Chapter 34 Practical. Using regression

This chapter focuses on practical exercises to apply the concepts in Chapter 32 and Chapter 33 in jamovi (The jamovi project, 2024). The five exercises in this practical will apply simple linear regression (Exercises 34.1, 34.2, and 34.5) or multiple regression (34.3 and 34.4). The dataset used in this practical is inspired by the work of Dr Carmen Carmona, Dr François-Xavier Joly, and Prof Jens-Arne Subke80. Their work focuses on carbon storage in Gabon.

When biomass is burned, a large proportion of its stored carbon is emitted into the atmosphere in the form of carbon dioxide, but some of it remains sequestered in the soil due to incomplete combustion (Santín et al., 2016). This pyrogenic organic carbon can persist in the soil for long periods of time and has positive effects on soil properties (Reisser et al., 2016). In this chapter, we will look at how environmental data might be used to test what factors affect the concentration of pyrogenic carbon in the soil. We will use the fire carbon dataset81. This dataset includes variables for soil depth (cm), fire frequency (total number of years in which a fire occurred during the past 20 years), mean yearly temperature (degrees Celsius), mean monthly rainfall (millimetres per squared metre per year, \(\mathrm{mm\:m^{-2}\:yr^{-1}}\)), total soil organic carbon (SOC, as percentage of soil by weight), pyrogenic carbon (PyC, as percentage of soil organic carbon by weight), and soil pH.

34.1 Predicting pyrogenic carbon from soil depth

In this first activity, we will fit a linear regression to predict pyrogenic carbon (PyC) from soil depth (depth). Before doing this, what is the independent variable, and what is the dependent variable?

Independent variable: __________________

Dependent variable: ___________________

What is the sample size of this dataset?

\(N =\) ________________

Before running any statistical test, it is always a good idea to plot the data. Recall from Section 31.4 how to build a scatterplot in jamovi. Navigate to the ‘Exploration’ button from the jamovi toolbar, then choose the ‘Scatterplot’ option from the pull-down menu. Place the independent variable that you identified above on the x-axis, and place the dependent variable on the y-axis. To get the line of best fit, choose ‘Linear’ under the options below under Regression line. Describe the scatterplot that is produced in the jamovi panel to the right.




Recall the four assumptions of linear regression from Section 32.6. We will now check three of these assumptions (we will just have to trust that depth has been measured accurately in the field because there is no way to check). There are two assumptions that we can check using the scatterplot. The first assumption is that the relationship between the independent and dependent variable is linear. Is there any reason to be suspicious of this assumption?

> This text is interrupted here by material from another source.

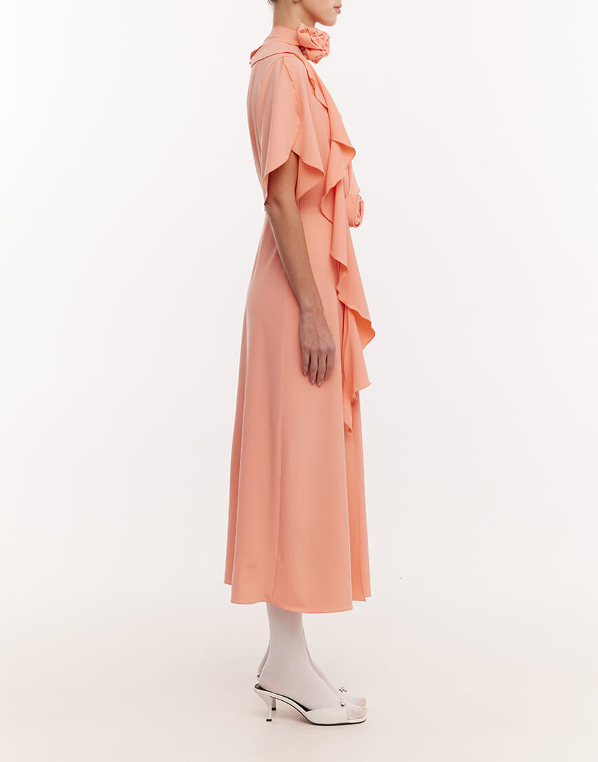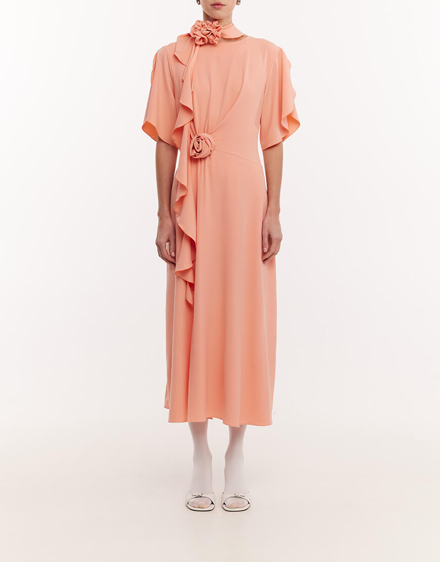 Оригінальна сукня з струмуючої тканини трендового персикового відтінку. Сукня складного асиметричного крою, з драпіюванням по лінії талії, що забезпечує ідеальне, м’яке прилягання по фігурі. Сукня виконана на підкладці. Розріз спереду по спідниці. Сукня декорована квіткою на талії. Застібається ззаду на ґудзик та збоку на потаємну блискавку. У комплекті шарф з квіткою ручної роботи.
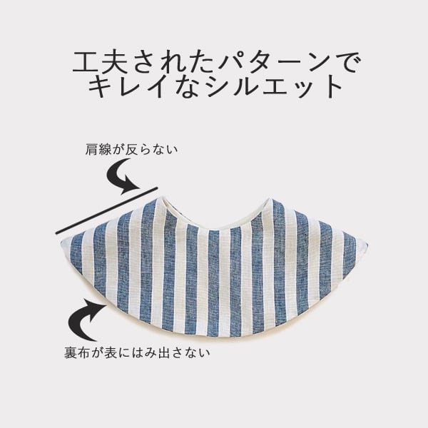 スタイは裏布が表に見えてしまわないこと、赤ちゃんが付けた際に肩線から反ってしまわないことがポイント。

In other words, does the scatterplot show any evidence of a curvilinear pattern in the data?



The second assumption that we can check with the scatterplot is the assumption of homoscedasticity. In other words, does the variance change along the range of the independent variable (i.e., x-axis)?

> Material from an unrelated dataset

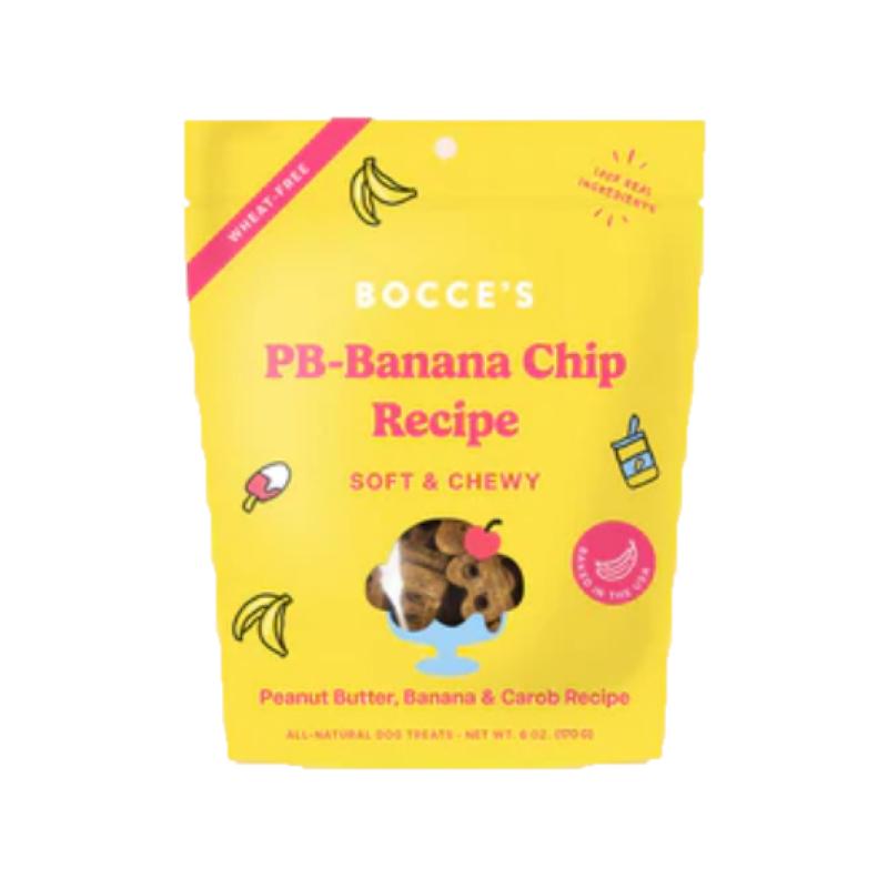 Peanut butter and bananas are a classic combination and Bocce's Bakery brings them together in these deliciously delightful PB-Banana Chip Soft & Chewy Treats. These baked limited ingredient treats contain only 9 real ingredients, including oat flour, peanut butter, flaxseed and bananas, for a healthier treat option that is perfect for everyday snacks! Change up your dog's daily crunchy treat with these tasty soft and chewy treats. Stock up and make room in the treat cabinet, your pup will love them! Net wt. 6 oz. Made in the USA.

Assuming that these two assumptions are not violated, we can now check the last assumption that the residual values are normally distributed around the regression line. To do this, we need to build the linear regression. From the ‘Analyses’ tab of jamovi, select the ‘Regression’ button, then choose ‘Linear regression’ from the pull-down menu. A new panel called ‘Linear regression’ will open. The dependent variable ‘PyC’ should go in the ‘Dependent Variable’ box to the right. The independent variable ‘depth’ should go in the ‘Covariates’ box (Figure 34.1).

Jamovi interface for a linear regression is shown with 'PyC' placed in a Dependent Variable box and 'depth' in a Covariates box. Other variables are included in a box to the left.

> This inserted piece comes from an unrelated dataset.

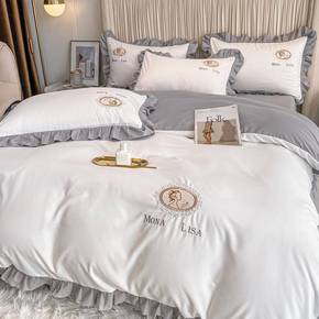 2022新小香风全棉纯棉刺绣花四件套单人床单三件套...
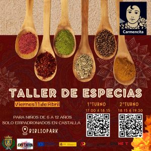 El taller ofrece una experiencia sensorial y educativa donde los más pequeños podrán descubrir las especias, sus colores, olores y sabores, de la mano de Carmencita. ¡Una actividad divertida, diferente y llena de aromas!

Figure 34.1: Jamovi interface for running a linear regression model to predict pyrogenic carbon (PyC) from soil depth (depth).

We can check the assumption that the residuals are normally distributed in multiple ways. To do this, find the pull-down menu called ‘Assumption Checks’ in the left panel of jamovi, and check boxes for ‘Normality test’, ‘Q-Q plot of residuals’, and ‘Residual plots’. Output will appear in the jamovi panel to the right. The first assumption check will be a table providing the results of a Shapiro-Wilk test of normality on the residuals (see Section 32.2) of the linear regression model. In your own words, what is this test doing? Drawing a picture might help to explain.









What is the p-value of the Shapiro-Wilk test of normality?

\(P =\) __________________

Based on the above p-value, is it safe to conclude that the residuals are normally distributed?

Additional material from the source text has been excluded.